Swarm nodes timeout communicating

Hi,

I’m cross-posting this question from Stack Overflow, just to increase the likelihood of getting a solution. Hopefully that’s not against the ToS of the forum. The Stack Overflow question can be found here, if anyone stumbles on this having the same problem in the future, the answer might be over there.

I have a couple of machines running Ubuntu Server 22.04.1 LTS and Docker version 20.10.17.

I’ve set up a swarm containing both the machines. These machines have ports tcp/2377, udp/4789, udp/7946, and tcp/7946 open. I’ve done no firewall configuration to do this a Ubuntu Server ships with its firewall service disabled. I’ve tested this with with these commands nc -zv HOST PORT and nc -zvu HOST PORT for tcp and udp respectively. All return success, apart from the tcp/2377 query from the manager node to the worker node, presumably this is fine as this port seems to be the manager specific port.

If I run a couple services in a stack on the same node, the services can communicate without issue. However, when the services are split across nodes, they are no longer able to connect with each other.

They are able to ping each other from within each container using the name of the other service.

However, they are not able to curl service_name any running web server, for example, running on the containers on separate machines.
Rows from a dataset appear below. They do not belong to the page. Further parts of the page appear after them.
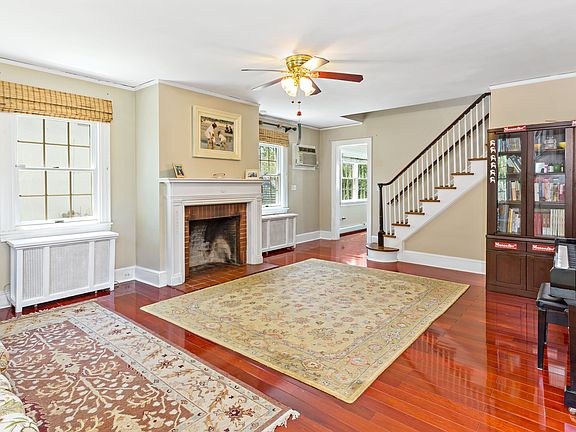 Charming Colonial with living room/fireplace, formal dining room with built-in corner cabinets, modern kitchen with all new appliances, family room with walls of windows, powder room,door to patio. Second floor: master bedroom/full bath, two additional bedrooms/hall bath. Lower level: play area, laundry, storage, utilities. Numerous improvements: new roof, newly finished attic, new furnace, new water main line to street and all new mahogany floors. Situated on a tranquil street with that desirable "in-town" location - walk to school, village, park and transportation.
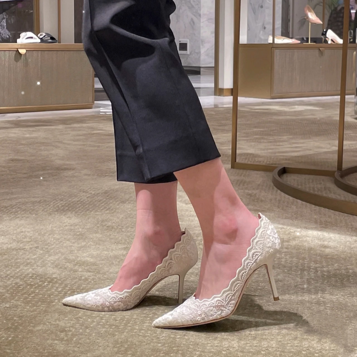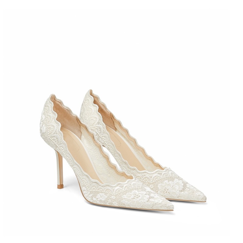 화이트 하이힐 웨딩 슈즈 여성의 2025 봄 새로운 뾰족한 스틸레토 자수 레이스 Xiuhe 웨딩 원피스 신부 신발스토어 가기
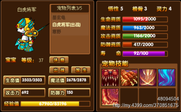 精,不错白虎的技能就不说了,挺吓人,连二郎神也可以秒了玄武

I’ve tried to google this problem and tried turning off packet checksums by running sudo ethtool -K docker_gwbridge tx off; sudo ethtool -K docker0 tx off on both machines, and then restarting the machines after, with no success.

I’m looking for any other causes of this problem or maybe how I’ve misused commands above. I’ve ran a swarm across these nodes before using Ubuntu Desktop without this issue, and has come up switching to ubuntu server.

Thanks.

P.S. Happy to provide any additional info that’s relevant.